The task → Exclude all pictures. Then restate, word for word, the entries from the first line through the line that contains "that uses the".
*** Opening Data for this task ***
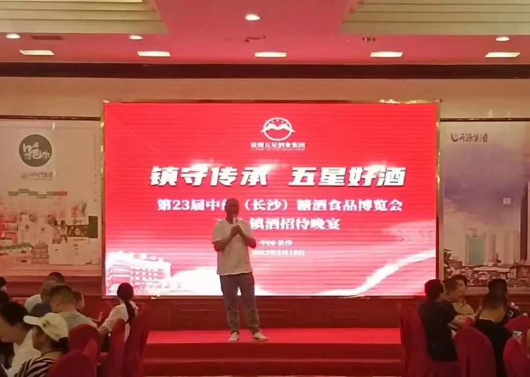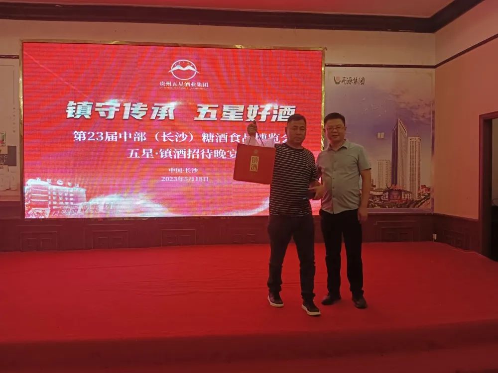 2023年5月18日晚,来自江西及湖南的400余名烟酒食品行业精英们汇聚开源鑫城4楼宴会厅参加欢迎晚宴,贵州五星集团的镇酒·精酿作为本次第23届中部(长沙)糖酒食品博览会晚宴官方指定招待用酒亮相。
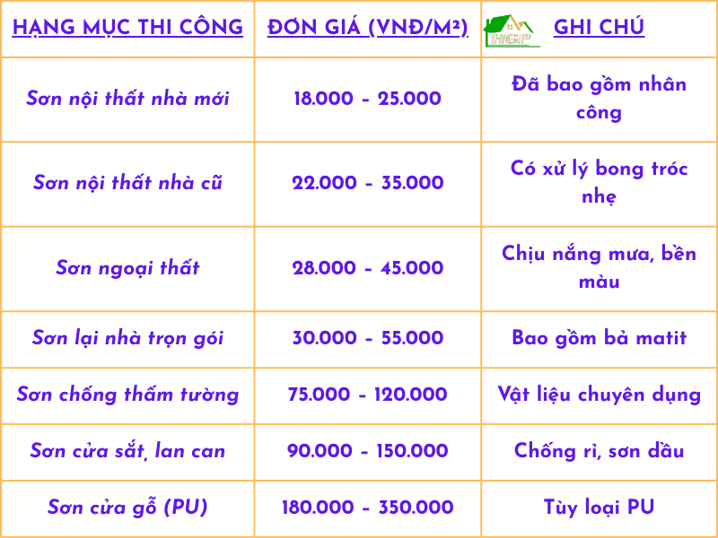 + Sơn phủ từ các hãng uy tín (Dulux, Jotun, Nippon, Kova — tùy yêu cầu khách hàng).
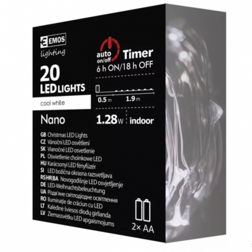 Led fényfüzér , beltéri , nano LED , 1.9 m , hideg fehér , ezüstszálas , időzíthető , elemes
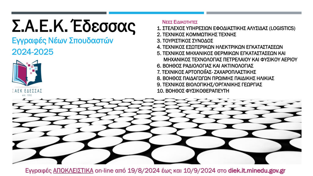 Συνεχίζεται η ΗΛΕΚΤΡΟΝΙΚΗ υποβολή αιτήσεων για εγγραφή στις ΝΕΕΣ ΕΙΔΙΚΟΤΗΤΕΣ της Σχολής Ανώτερης Επαγγελματικής Κατάρτισης Έδεσσας (Σ.Α.Ε.Κ. Έδεσσας – πρώην Ι.Ε.Κ.) για όσους θέλουν να σπουδάσουν κατά το ακαδημαϊκό έτος 2024-25. Το ηλεκτρονικό σύστημα θα δέχεται εγγραφές μέχρι και την ΤΡΙΤΗ 10 Σεπτεμβρίου 2024 και ώρα 15:00.
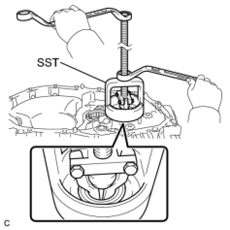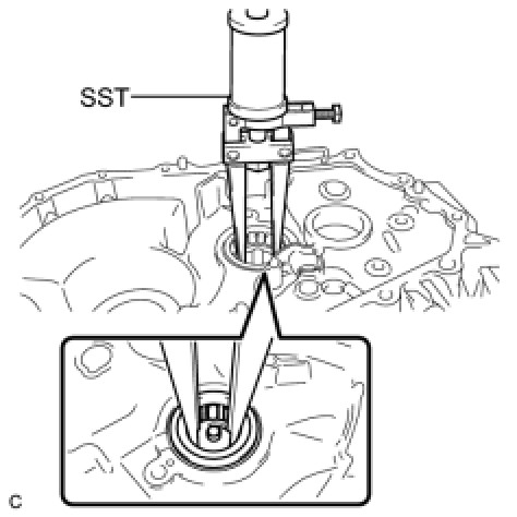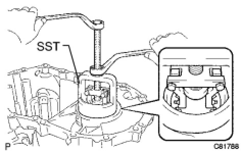 (a) Using SST, remove the front differential case rear tapered roller bearing (outer race) and plate washer from the transmission case.
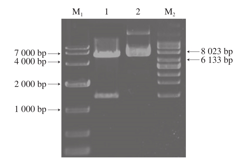 M1. DL 10000 DNA Marker;M2. Supercoiled DNA Ladder Marker;1.重组质粒双酶切;2.重组质粒。
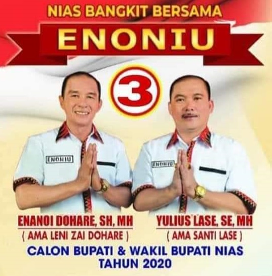 Untuk diketahui bersama ENONIU adalah kepanjangan dari nama calon pasangan Bupati dan Wakil Bupati Kabupaten Nias nomor urut 3 yaitu ENANOI DOHARE – YULIUS LASE yang artinya Hamba atau Pelayan masyarakat.
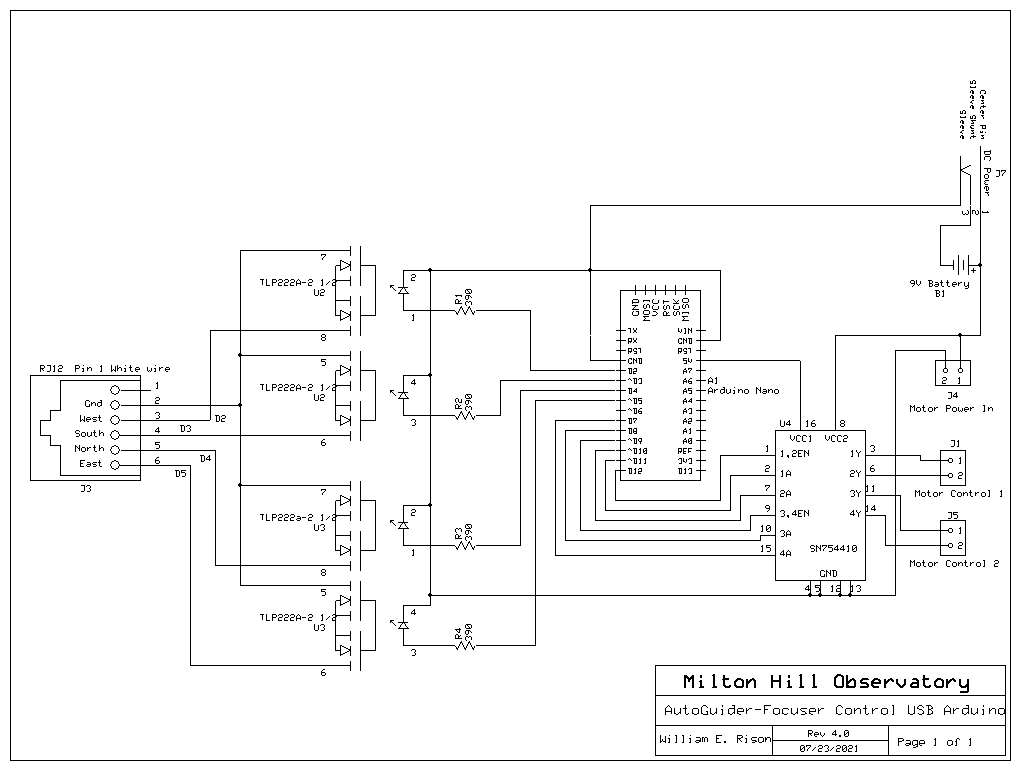 that uses the Arduino Nano to control a ST4 type AutoGuider port of any telescope mount. It also
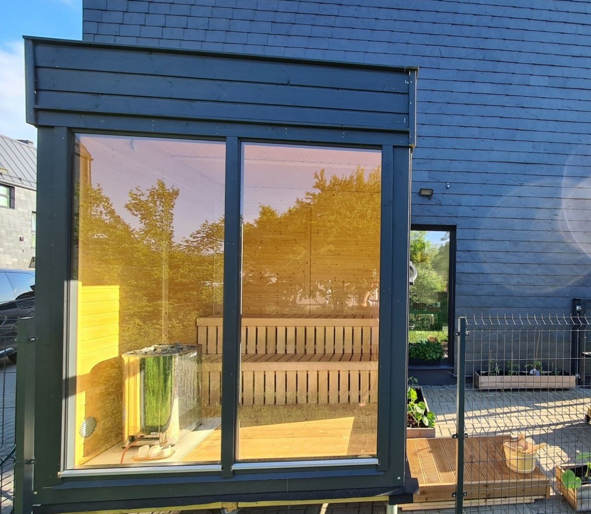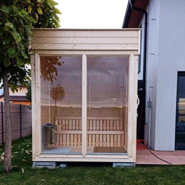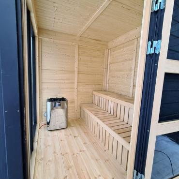 Piedāvājam mūsu jauno āra pirts moduļu sēriju, kas apvieno modernu dizainu un īpašu funkcionalitāti. Šie modernie pirts moduļi izskatās tikpat labi gan no iekšpuses, kā no ārpuses, apvienojot komfortu un mūsdienīgumu, tajā pašā laikā saglabājot mūsu pirts tradīcijas un ekoloģiju, jo šīs pirtis ir veidotas tikai no koka kombinācijā ar augstākās kvalitātes papildmateriāliem. Moduļi jau standarta komplektācijā tiek piedāvāti ar siltinātām sienām un jumtu. No ārpuses saunas apdarē izmantoti 18mm priedes vagondēļi, bet iekšpusē apdare veikta ar 12mm priedes vagondēļiem. Pamatkomplektācijā ietilpst augstākās kvalitātes apses, vai melnalkšņa lāvas soli ar atzveltnēm !
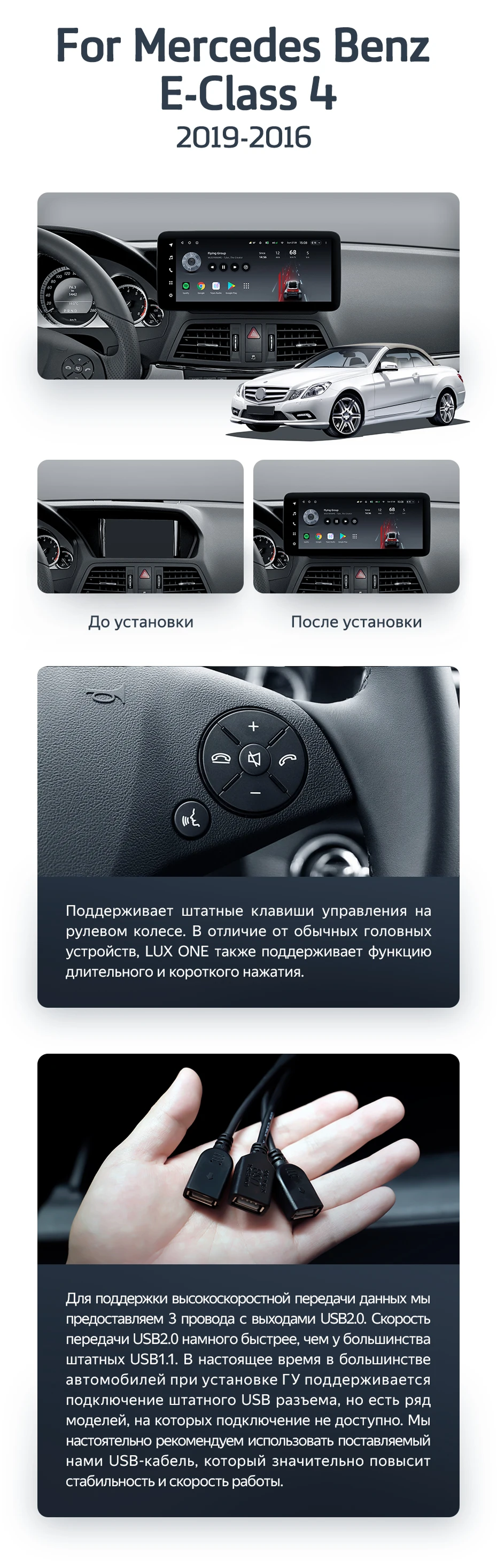 Готовый установочный комплект для магнитолы Mercedes-Benz E-Class 4 W212 S207 A207 S212 C207 (NTG 4.0) (TY) (2009-2016) F2 12,3 дюйма в штатное место, включает переходную рамку и проводку.
*** Closing Data for this task ***
Result of this exercise →
 2023年5月18日晚,来自江西及湖南的400余名烟酒食品行业精英们汇聚开源鑫城4楼宴会厅参加欢迎晚宴,贵州五星集团的镇酒·精酿作为本次第23届中部(长沙)糖酒食品博览会晚宴官方指定招待用酒亮相。
 + Sơn phủ từ các hãng uy tín (Dulux, Jotun, Nippon, Kova — tùy yêu cầu khách hàng).
 Led fényfüzér , beltéri , nano LED , 1.9 m , hideg fehér , ezüstszálas , időzíthető , elemes
 Συνεχίζεται η ΗΛΕΚΤΡΟΝΙΚΗ υποβολή αιτήσεων για εγγραφή στις ΝΕΕΣ ΕΙΔΙΚΟΤΗΤΕΣ της Σχολής Ανώτερης Επαγγελματικής Κατάρτισης Έδεσσας (Σ.Α.Ε.Κ. Έδεσσας – πρώην Ι.Ε.Κ.) για όσους θέλουν να σπουδάσουν κατά το ακαδημαϊκό έτος 2024-25. Το ηλεκτρονικό σύστημα θα δέχεται εγγραφές μέχρι και την ΤΡΙΤΗ 10 Σεπτεμβρίου 2024 και ώρα 15:00.
 (a) Using SST, remove the front differential case rear tapered roller bearing (outer race) and plate washer from the transmission case.
 M1. DL 10000 DNA Marker;M2. Supercoiled DNA Ladder Marker;1.重组质粒双酶切;2.重组质粒。
 Untuk diketahui bersama ENONIU adalah kepanjangan dari nama calon pasangan Bupati dan Wakil Bupati Kabupaten Nias nomor urut 3 yaitu ENANOI DOHARE – YULIUS LASE yang artinya Hamba atau Pelayan masyarakat.
 that uses the Arduino Nano to control a ST4 type AutoGuider port of any telescope mount. It also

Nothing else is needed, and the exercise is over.